Rencontre littéraire Pour emporter avec Maude Veilleux

Thomas Dallaire-Boudreault

18 septembre 2020

Cette semaine, Fabien Cloutier passe une heure sur le plateau de Pour emporteret il s'emporte! L'auteur, humoriste et comédien à la verve flamboyante écorche les préjugés, les nouveaux curés et la peur du changement. Et il livre de captivantes envolées sur le bonheur, l'éducation des garçons et la beauté des mots d’église. Comme à son habitude, l’animatrice discutera avec son invitée de certaines œuvres qui l’ont particulièrement touchée et même parfois influencée de façon concrète. Parmi celles-ci, nous retrouvons la poésie de Maude Veilleux, notamment le recueil Les choses de l’amour à marde, paru aux édition de l’Écrou en 2013.
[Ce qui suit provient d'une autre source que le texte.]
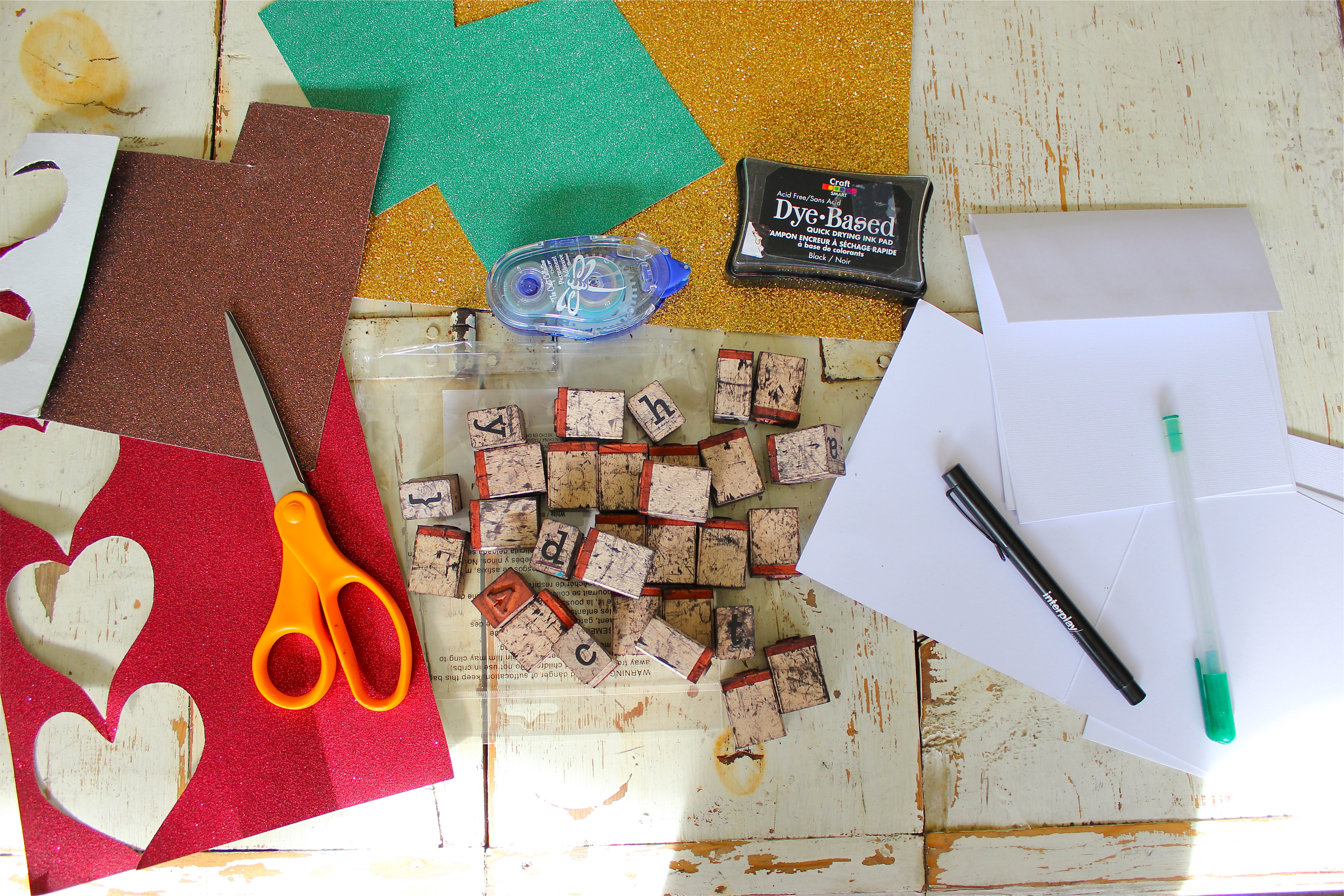 letter stamps / colored paper or card-stock (I prefer card-stock) / ink-pad / scissors / permanent adhesive tape roller / blank envelopes and cards / pens

Pour en connaitre davantage sur cette poète qui marque sa génération, nous lui avons accordé une courte entrevue sur son oeuvre, l’effet de la pandémie sur sa vision du monde ainsi que ses projets futurs.

Voici le compte-rendu de cet entretien.
 

 

Maude, comment te décrirais-tu comme autrice?
C’est une très grosse question! La perception de nous-mêmes, c’est toujours un peu compliqué! (rires) J’imagine que je suis comme une bibitte tentaculaire qui essaie de faire un peu de tout et rien à la fois. J’essaie de toujours faire ce que je fais dans le plaisir, même si, parfois, j’ai l’air un peu déprimée. C’est peut-être ça qu’on ressent au travers mon oeuvre. J’essaie quand même d’avoir du fun et de me surprendre moi-même, de tenter d’occuper de nouveaux espaces. Par exemple, en ce moment, je suis en train de réfléchir à l’intelligence artificielle. J’avais envie de commencer à fabriquer des robots… de façon très basique! (rires). J’ai besoin de tester des trucs dans le réel ce que les choses font, de voir comment le poème existe dans le corps, comment le personnage existe, comme s’il fallait qu’il passe toujours par mon corps.

 

Comment abordes-tu l’écriture de poèmes comparativement à l’écriture d’un roman?
Ça a beaucoup évolué avec le temps. Par contre, ce qui est constant, c’est que je travaille toujours sur deux projets en même temps : un projet de roman et un projet de recueil de poésie. C’est comme une manière de vivre deux temps avec le langage. Il faut que la poésie existe mieux dans le corps. C’est un rapport plus inconscient au langage, donc un rapport qui est plus brut à mon sens tandis que la prose a besoin de plus de temps. J’ai vraiment l’impression que la poésie passe mieux dans le corps que le roman.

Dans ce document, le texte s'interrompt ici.